Encode bits in timing of signal

Question

If you had two computers with two atomic clocks you could measure the time between signals at $10^{-16}\,\text{s}$. Can the time between signal pulses be used to encode additional bits of information over and above that encoded in the standard way?

If a channel is transmitting bits at $10^6\,\frac1{\text{s}}$ one might imagine that the average time between signals is one cycle length - given random data. So for each $10^{-6}\,\text{s}$ you will also be able to encode and additional $10^{16-6} = 10^{10} \approx 2^{34}$ – i.e. an additional 34 bits for every ordinary bit.

Does this come with obvious downsides? Is it already used?

Answer 1

From the DSP point of view it is possible, and if you produce and detect pulses this fast you could also transmit $10^{16}$, what is the minimum/maximum interval between two pulse?

Let's assume you have a distribution for the pulse length $p_k = p(k\, T)$. The maximum information can be transmitted per pulse is given by the entropy of this distribution.

$$ -\sum p_k \log_2(p_k) $$

the pulse transmision rate is the inverse of the expected duration of a pulse

$$ \frac{1}{\sum k \, p_k} $$

The product of these two quantities give you the maximum information you can transmit.

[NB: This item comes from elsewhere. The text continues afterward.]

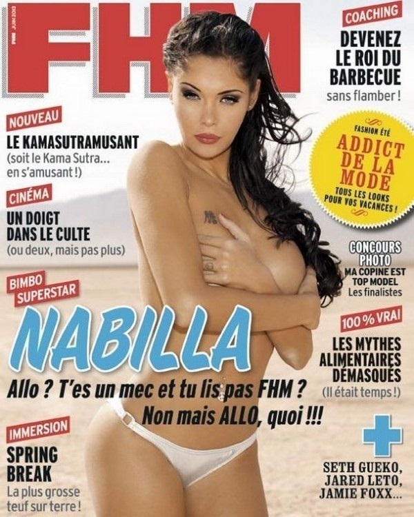 Nabilla, la bimbo des « Anges de la téléréalité » Topless en couverture du magazine pour homme FHM.

$$ \frac{-\sum p_k \, \log_2(p_k)}{\sum k \, p_k} $$

Then you must optimize this subject to the restrictions of the physical system, if you can transmit have any probability for any $k \ge 1$, the best $p_k$ distribution the $1/2^k$ and will give you 1-bit per $T$ in your case $10^{16}$ bit per second.

Maybe you want to include some noise to the pulse position measurements, then you have to compute the mutual information, that will be slightly less than the source Entropy.

Answer 2

There is no free lunch here.

Can the time between signal pulses be used to encode additional bits of information over and above that encoded in the standard way?

I believe, this assumes that there are only very short signal pulses and the signal is zero otherwise. That's typically not the case in a "normal" communication system. The communication signal just transitions between the current and the next symbol value and the speed of the transition is limited by the bandwidth of the channel.

In order to use the symbol timing to transmit more information, the receiver would needs a way to recognize when exactly the symbols is happening and the transmitter needs to be able to transition between symbols as fast as the timing modulation depth requires it.

Both are solvable problems but the resulting requirements in terms of bandwidth and noise floor makes in most cases for a less effective communication system than a "standard" solution.

Roughly speaking: if your channel has enough bandwidth that you can modulate the symbol timing by by +-25%, you are better off using the extra bandwidth just to double the symbol rate.